Given the entries below, would you transcribe exactly the lines starting at the one with "Coronado Club tomorrow" and ending at the one with "Amish Farm financed", both kept, pictures omitted, nothing extra?

(Data extracted from a collection)
========
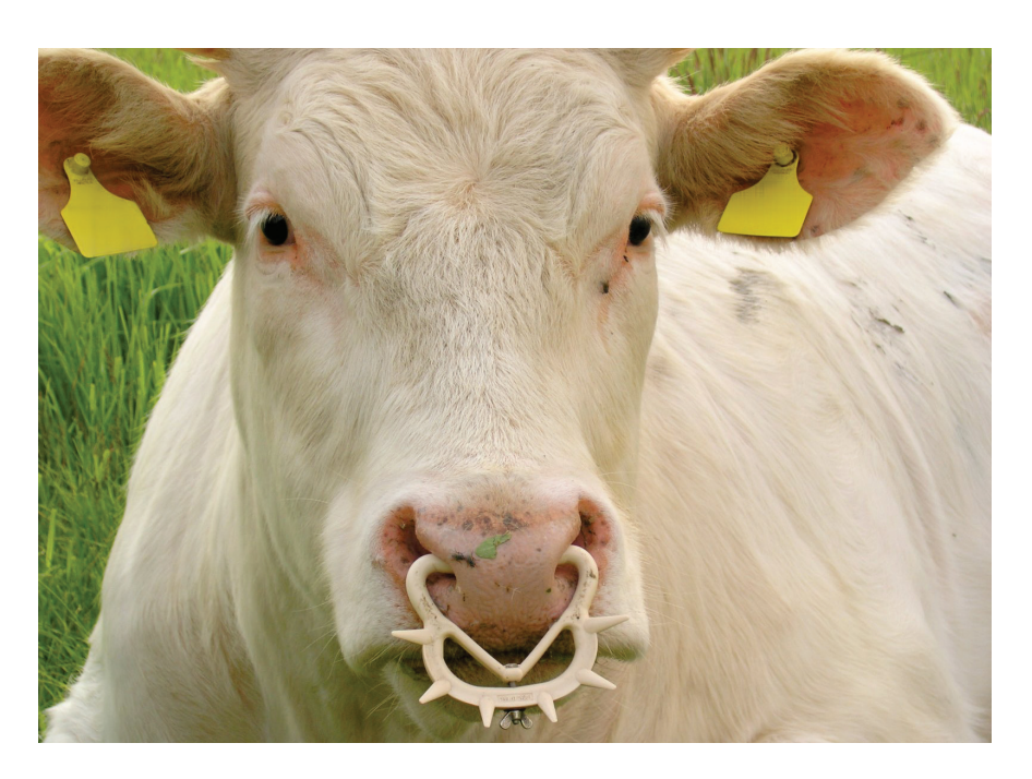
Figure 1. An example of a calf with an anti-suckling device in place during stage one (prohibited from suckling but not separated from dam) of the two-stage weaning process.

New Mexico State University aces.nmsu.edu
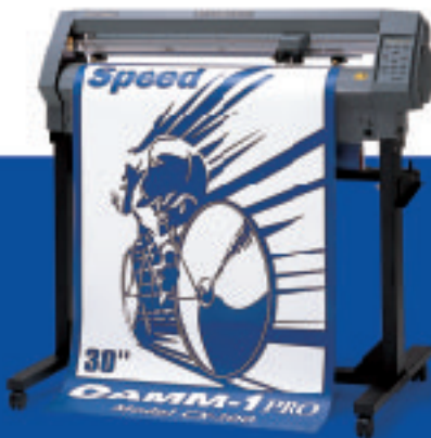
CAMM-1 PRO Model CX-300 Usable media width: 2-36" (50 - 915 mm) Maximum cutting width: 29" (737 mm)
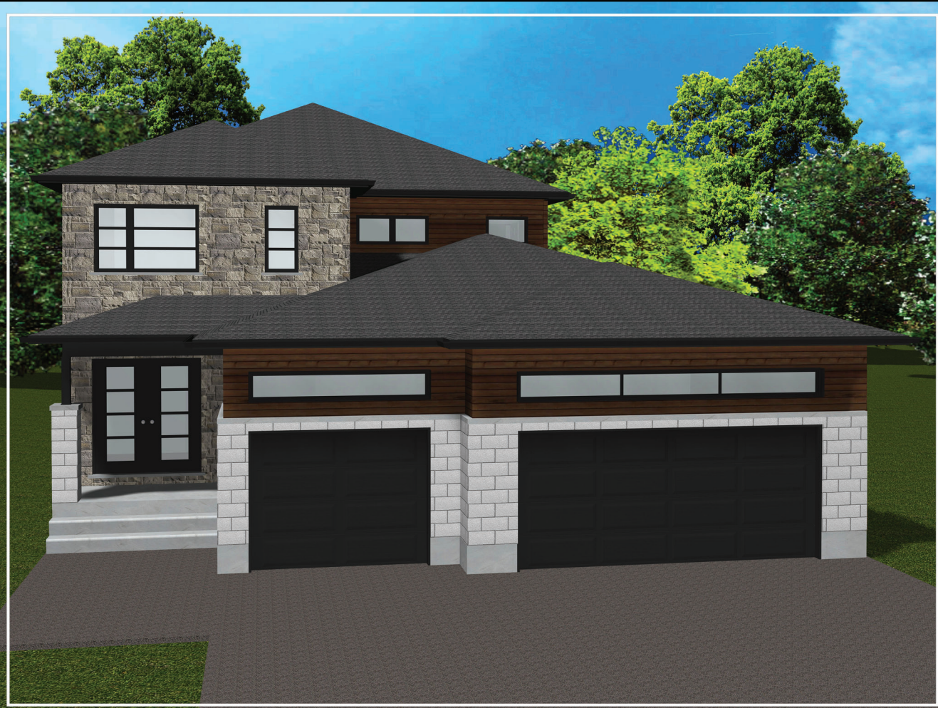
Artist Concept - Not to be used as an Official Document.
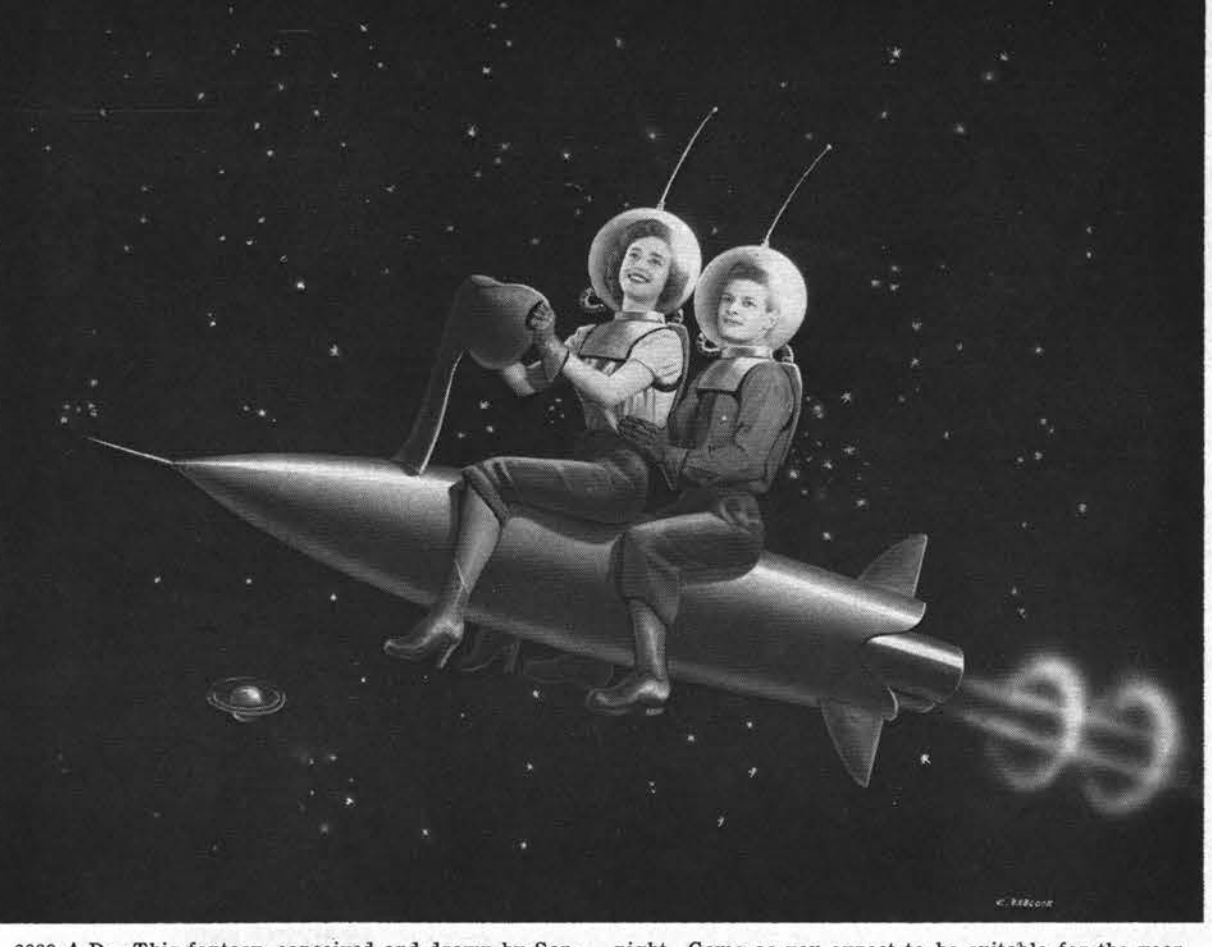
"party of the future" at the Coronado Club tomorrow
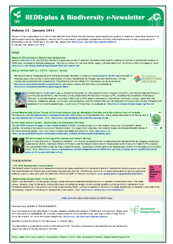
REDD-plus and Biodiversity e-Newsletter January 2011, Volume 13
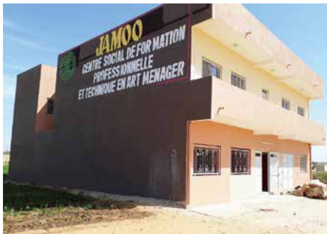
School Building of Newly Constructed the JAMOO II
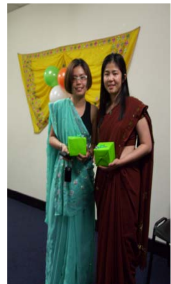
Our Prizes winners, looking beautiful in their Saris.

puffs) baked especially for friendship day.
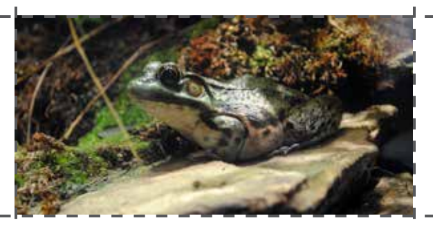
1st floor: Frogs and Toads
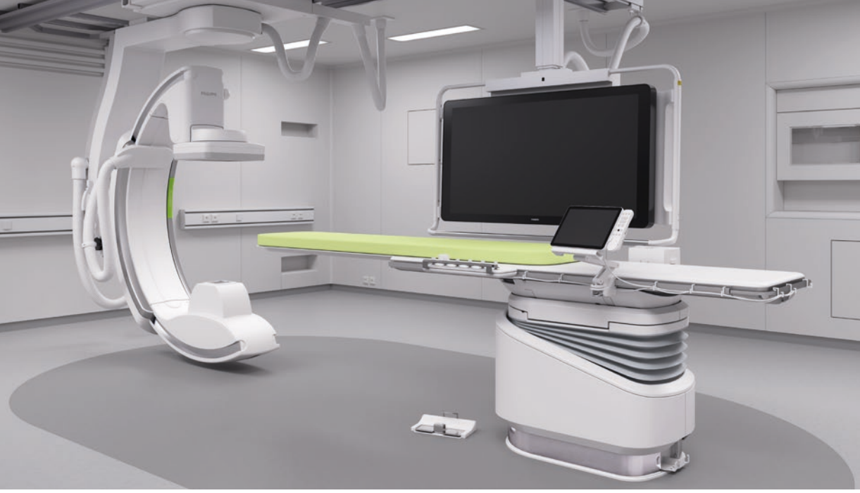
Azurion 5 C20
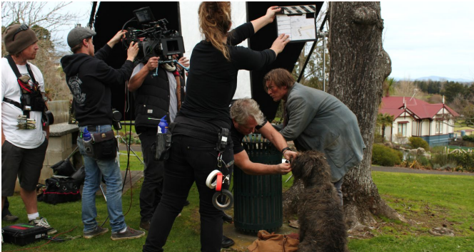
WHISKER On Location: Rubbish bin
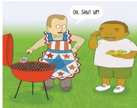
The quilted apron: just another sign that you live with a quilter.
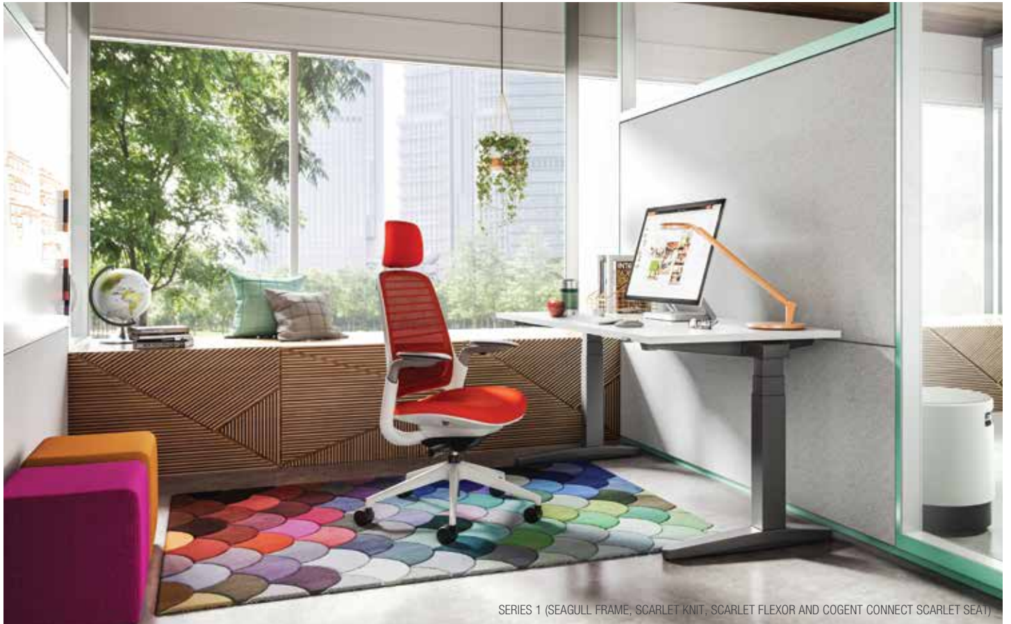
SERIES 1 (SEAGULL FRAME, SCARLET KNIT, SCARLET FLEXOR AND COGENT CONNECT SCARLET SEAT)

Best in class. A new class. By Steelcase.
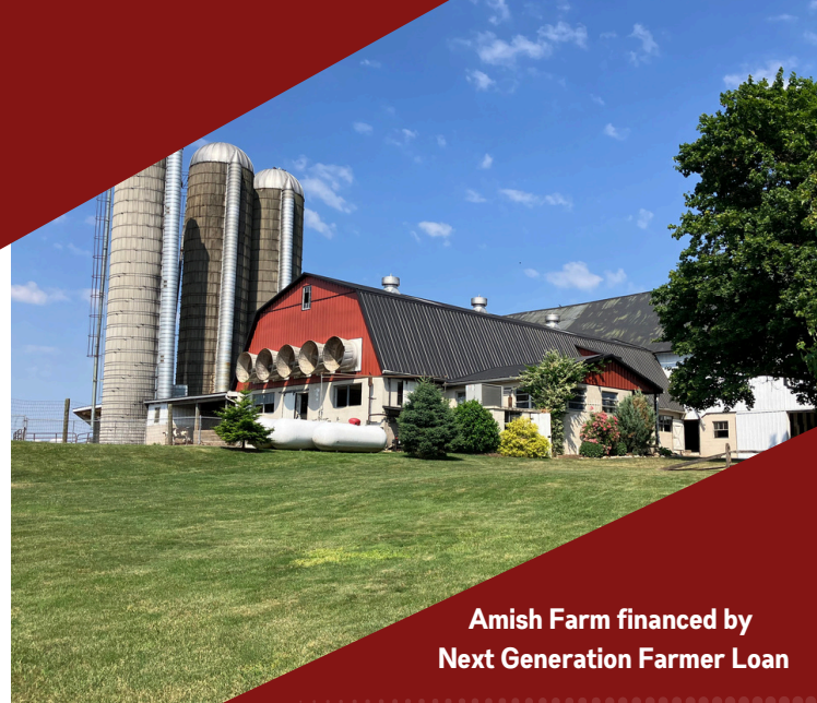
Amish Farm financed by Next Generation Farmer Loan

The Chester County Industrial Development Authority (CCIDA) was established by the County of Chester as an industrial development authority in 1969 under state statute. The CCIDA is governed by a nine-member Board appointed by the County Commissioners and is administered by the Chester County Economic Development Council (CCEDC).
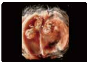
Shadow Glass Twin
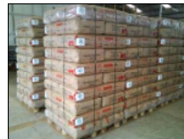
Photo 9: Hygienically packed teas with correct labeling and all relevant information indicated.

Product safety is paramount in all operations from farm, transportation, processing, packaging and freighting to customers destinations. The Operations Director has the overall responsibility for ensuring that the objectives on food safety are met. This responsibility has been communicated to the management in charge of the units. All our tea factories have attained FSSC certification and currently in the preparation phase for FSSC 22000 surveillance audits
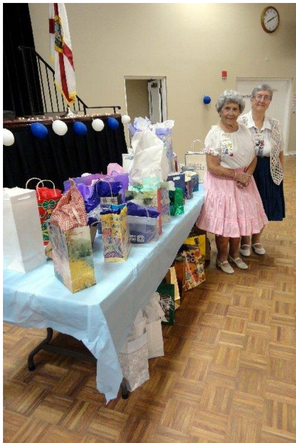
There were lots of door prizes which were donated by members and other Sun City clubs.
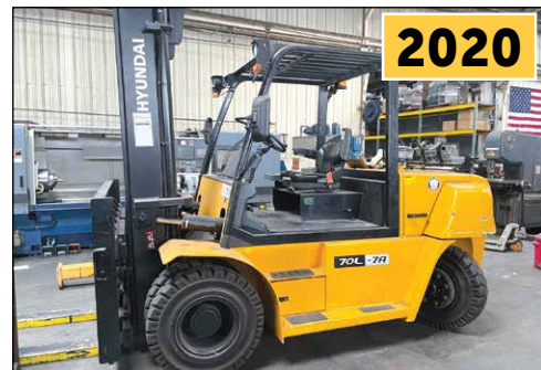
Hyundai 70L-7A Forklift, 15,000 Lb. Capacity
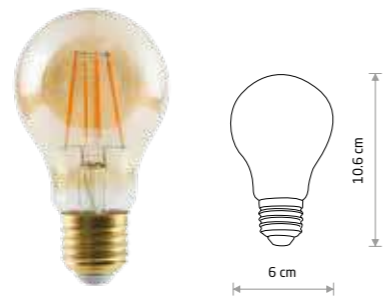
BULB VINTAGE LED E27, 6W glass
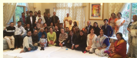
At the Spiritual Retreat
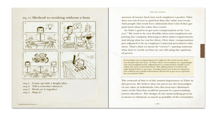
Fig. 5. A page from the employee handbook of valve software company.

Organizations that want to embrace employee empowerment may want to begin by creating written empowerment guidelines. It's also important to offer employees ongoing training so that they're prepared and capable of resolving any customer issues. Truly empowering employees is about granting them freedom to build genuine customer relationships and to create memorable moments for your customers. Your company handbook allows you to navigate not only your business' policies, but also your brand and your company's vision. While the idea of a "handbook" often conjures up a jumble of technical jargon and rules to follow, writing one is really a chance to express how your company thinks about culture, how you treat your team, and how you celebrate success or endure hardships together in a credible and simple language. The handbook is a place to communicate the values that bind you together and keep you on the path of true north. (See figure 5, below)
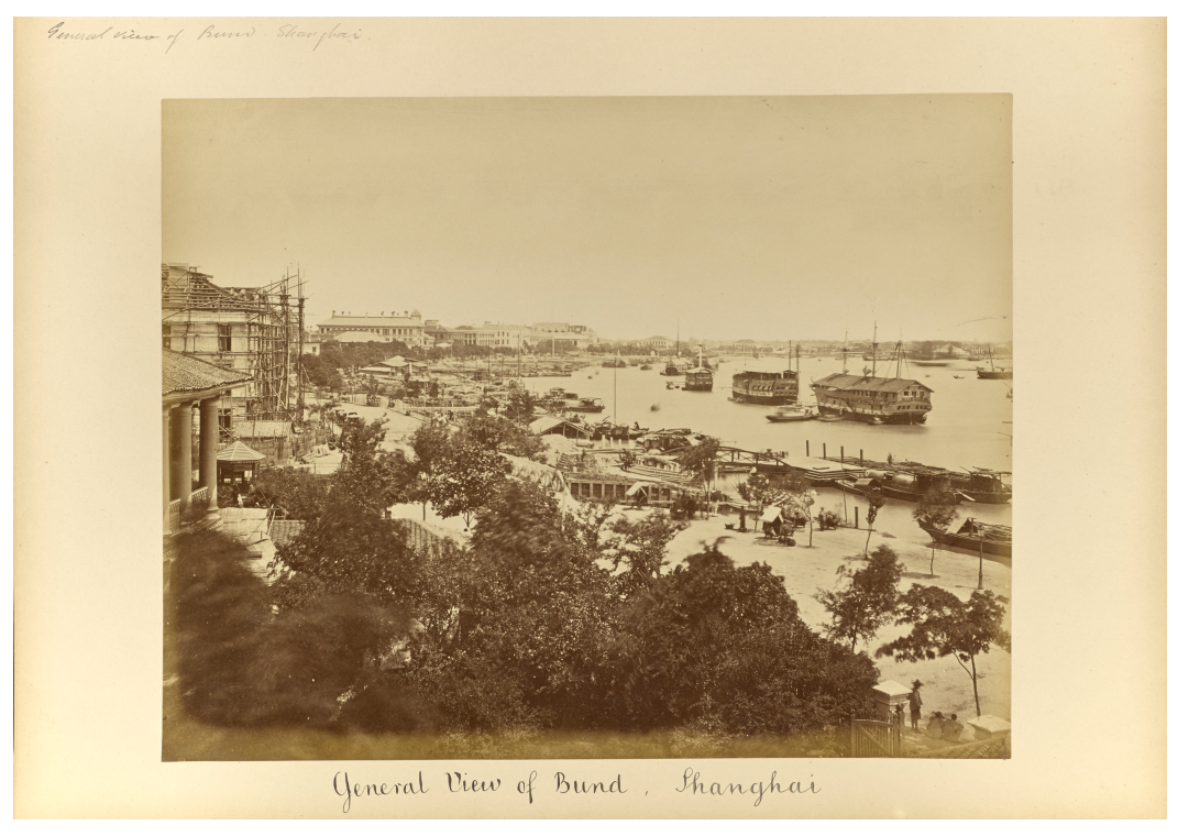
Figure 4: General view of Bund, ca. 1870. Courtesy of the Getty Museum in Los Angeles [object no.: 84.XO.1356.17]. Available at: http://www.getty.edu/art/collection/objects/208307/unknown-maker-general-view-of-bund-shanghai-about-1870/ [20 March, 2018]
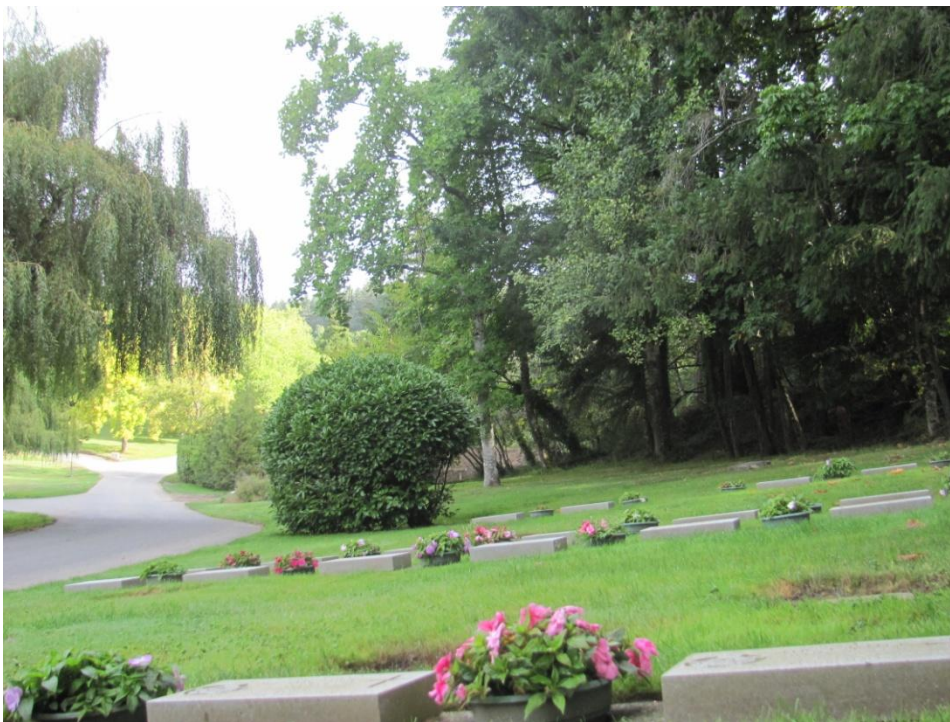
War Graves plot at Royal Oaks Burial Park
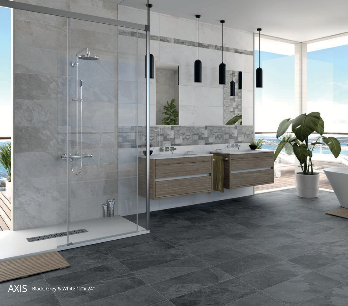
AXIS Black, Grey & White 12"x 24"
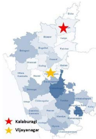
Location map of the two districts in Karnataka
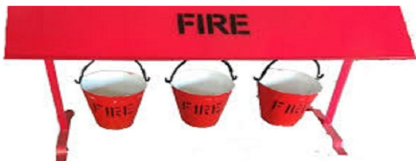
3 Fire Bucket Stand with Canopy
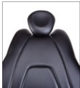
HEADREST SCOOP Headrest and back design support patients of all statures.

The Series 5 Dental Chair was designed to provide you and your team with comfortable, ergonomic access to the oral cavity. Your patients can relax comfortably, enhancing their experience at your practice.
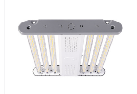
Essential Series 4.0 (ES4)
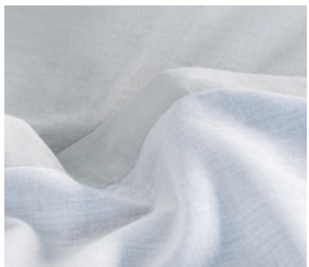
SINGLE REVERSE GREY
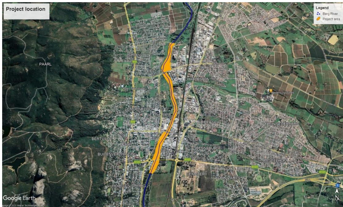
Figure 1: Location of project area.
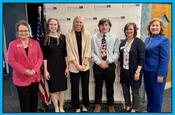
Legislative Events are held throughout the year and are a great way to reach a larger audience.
========
→ **Result**
"party of the future" at the Coronado Club tomorrow
REDD-plus and Biodiversity e-Newsletter January 2011, Volume 13
School Building of Newly Constructed the JAMOO II
Our Prizes winners, looking beautiful in their Saris.

puffs) baked especially for friendship day.
1st floor: Frogs and Toads
Azurion 5 C20
WHISKER On Location: Rubbish bin
The quilted apron: just another sign that you live with a quilter.
SERIES 1 (SEAGULL FRAME, SCARLET KNIT, SCARLET FLEXOR AND COGENT CONNECT SCARLET SEAT)

Best in class. A new class. By Steelcase.
Amish Farm financed by Next Generation Farmer Loan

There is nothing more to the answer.